My name was now Wanderer, yet her memories fit it just as well as my own. Except that my wandering was by choice. These flashes of memory were always tinged with the fear of the hunted. Not wandering, but running.
I tried not to feel pity. Instead, I worked to focus the memories. I didn’t need to see where she’d been, only where she was going. I sorted through the pictures that tied to the word Chicago , but none seemed to be anything more than random images. I widened my net. What was outside Chicago? Cold, I thought. It was cold, and there was some worry about that.
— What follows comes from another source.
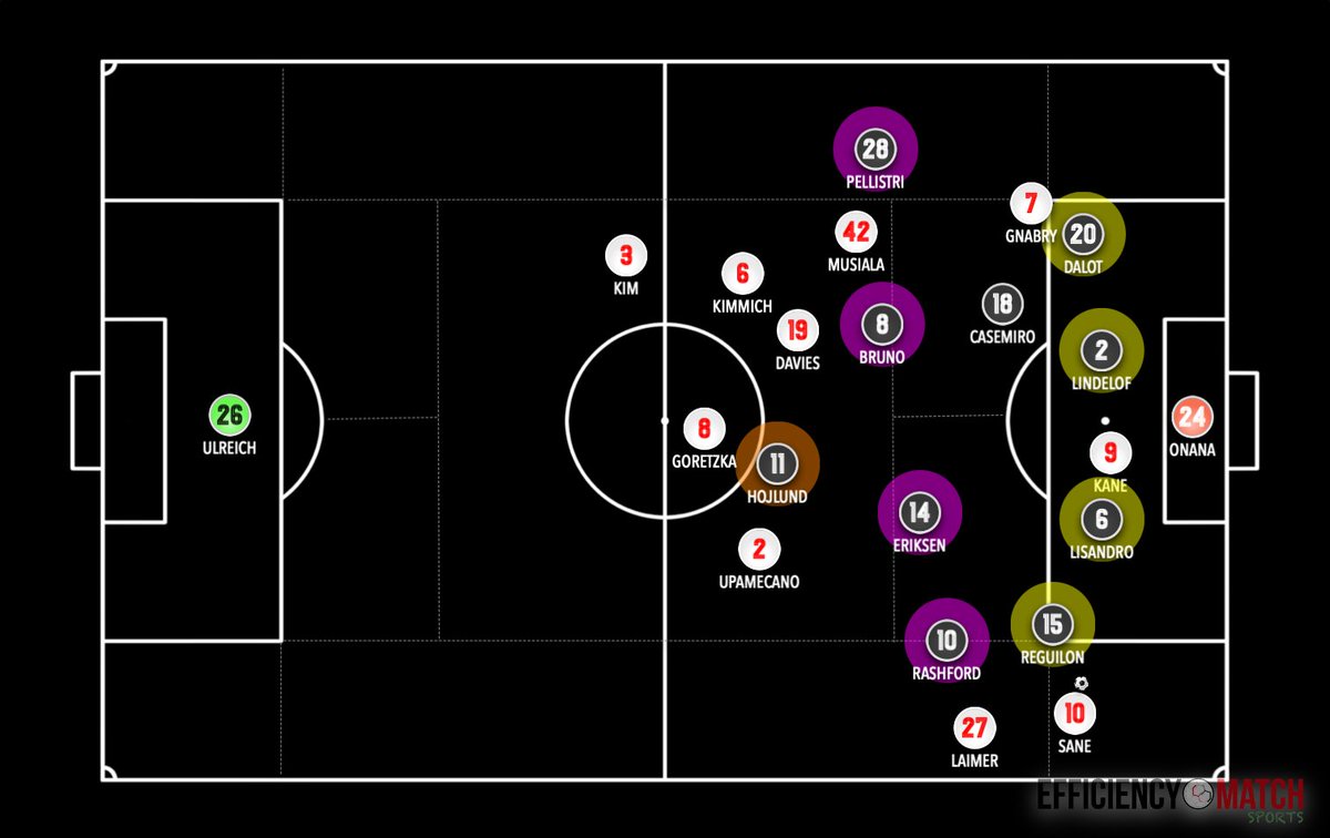 United looked deflated and Bayern finally established true control of the game, until the very end of the game when the legend that is Casemiro remembers he's a champion of the highest order, salvages pride and scores to make it 3-2 - bulldozing through Bayern's very deep block.

Where? I pushed, and the wall came back.
I exhaled in a gust. “Outside the city-in the wilderness… a state park, away from any habitations. It’s not somewhere she’d been before, but she knew how to get there.”
“How soon?” the Seeker asked.
“Soon.” The answer came automatically. “How long have I been here?”
“We let the host heal for nine days, just to be absolutely sure she was recovered,” the Healer told me. “Insertion was today, the tenth day.”
Ten days. My body felt a staggering wave of relief.
“Too late,” I said. “For the rendezvous point… or even the note.” I could feel the host’s reaction to this-could feel it much too strongly. The host was almost… smug. I allowed the words she thought to be spoken, so that I could learn from them. “He won’t be there.”
“He?” The Seeker pounced on the pronoun. “Who?”
The black wall slammed down with more force than she’d used before. She was the tiniest fraction of a second too late.
Again, the face filled my mind. The beautiful face with the golden tan skin and the light-flecked eyes. The face that stirred a strange, deep pleasure within me while I viewed it so clearly in my mind.